La extraordinaria confluencia entre la firma del acuerdo de asociación estratégica Irán-China y la saga Ever Given en el Canal de Suez seguramente generará un impulso renovado hacia la Iniciativa Belt and Road (BRI) y todos los corredores interconectados de la integración de Eurasia.

Este es el desarrollo geoeconómico más importante en el suroeste de Asia en siglos, incluso más crucial que el apoyo geopolítico y militar a Damasco por parte de Rusia desde 2015.

Múltiples corredores ferroviarios terrestres en Eurasia con trenes de carga abarrotados de mercancías, el más emblemático de los cuales posiblemente sea Chongqin-Duisburg, son un elemento clave de BRI. En unos años, todo esto se llevará a cabo en trenes de alta velocidad.

El corredor terrestre clave es Xinjiang-Kazajstán, y luego hacia Rusia y más allá; el otro atraviesa Asia Central e Irán, hasta Turquía, los Balcanes y Europa del Este. Puede llevar tiempo, en términos de volumen, competir con las rutas marítimas, pero la reducción sustancial en el tiempo de envío ya está impulsando un aumento masivo de carga.
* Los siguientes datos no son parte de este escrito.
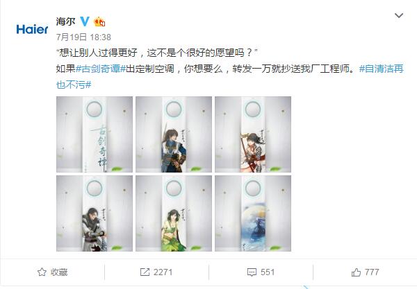 說(shuō)到海爾,大家的第一印象大多都是搶熱門(mén)。比如唐嫣羅晉公布戀情時(shí),海爾官微借勢(shì)發(fā)布微博"啥時(shí)候成親?需要冰箱空調(diào)洗衣機(jī)么"成功帶領(lǐng)了一眾藍(lán)V搞事情,因?yàn)檫@個(gè)句式很容易被模仿,所以藍(lán)V的參與度非常高。

La conexión estratégica Irán-China está destinada a acelerar todos los corredores interconectados que conducen y cruzan el suroeste de Asia.

Fundamentalmente, múltiples corredores de conectividad comercial BRI están directamente vinculados al establecimiento de rutas alternativas al tránsito de petróleo y gas, controladas o “supervisadas” por el Hegemón desde 1945: Suez, Malacca, Hormuz, Bab al Mandeb.

Las conversaciones informales con los comerciantes del Golfo Pérsico han revelado un gran escepticismo sobre la razón principal de la saga Ever Given. Los pilotos de la marina mercante coinciden en que los vientos en una tormenta del desierto no fueron suficientes para acosar a un mega-buque portacontenedores de última generación equipado con sistemas de navegación muy complejos. El escenario de error piloto, inducido o no, se está considerando seriamente.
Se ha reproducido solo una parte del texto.